CODEWITHSUNDEEP
cmalloc
yulian
yulian

Reputation: 1627

App crashes while printing array after free()

Why does it crash while trying to printf() after having free()?

I've created dyanmic array. Displayed elements. Filled each elements with value. Then freed memory using free(). And then trying to display elements again.

Here is the code:

#include <stdio.h>
#include <stdlib.h>

int main()
{
    int i;
    int *p;

    p = (int *)malloc(10 * sizeof(int));

    for ( i = 0; i < 10; i++ )
        printf("%d  ", p[i]);
    printf("\n");

    for ( i = 0; i < 10; i++ )
        p[i] = i;

    for ( i = 0; i < 10; i++ )
        printf("%d ", p[i]);
    printf("\n");


    free(p);
    p = NULL;

    for ( i = 0; i < 10; i++ )  /* App crashes around here. */
        printf("%d ", p[i]);
    printf("\n");

    return 0;
}

P.S. I'm new to C.

Let me know what is wrong, please.

Upvotes: 0

Views: 134

Answers (3)

rr_ovi
rr_ovi

Reputation: 293

One thing always to be remembered.. A freed memory can return the expected result (it sometimes does).

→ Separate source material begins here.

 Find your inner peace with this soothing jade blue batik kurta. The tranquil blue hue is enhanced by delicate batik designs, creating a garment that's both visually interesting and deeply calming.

Me too sometimes suffered with the problem.. U can finde useful insight here:

Can a local variable's memory be accessed outside its scope?

Now come to your code:

free(p);

Here you may get your expected things..but u r not guaranteed and r not permitted to use this. It is undefined behaviour. But now

p = NULL;

is something that is crashing your program. Because the pointer now points to NULL, and it is not permitted to de-reference a NULL pointer. Do not point to NULL if you don't actually need it. And never ever de-reference a NULL pointer.

Upvotes: 1

Dipto
Dipto

Reputation: 2738

When you free any memory, its gone. You can not use it any more.

You should free the after you are done with it.

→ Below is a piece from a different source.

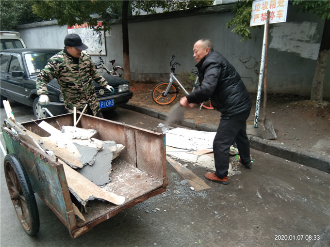 近日多为雨雪低温天气,但名泉社区志愿者带给居民浓浓的暖意,他们冒着严寒在辖区巡查,及时清理拖运居民春节清扫整理出的杂物、疏通维修下水道、劝导流动摊贩、为高龄独居老人清扫积雪,方便居民出行。

You are using the pointer p after you have freed it. The system assumes you do not need the memory once you free it. So it does not reserve it for you. It may work some times if the memory is still unused. But in this case you are assigning NULL to the pointer p and then trying to print the value present there, which is definitely not going to work.

Upvotes: 2

Some programmer dude
Some programmer dude

Reputation: 409176

Because you reference memory pointing to NULL.

This is actually undefined behavior so it might work, but dereferencing a NULL pointer most likely will cause a crash.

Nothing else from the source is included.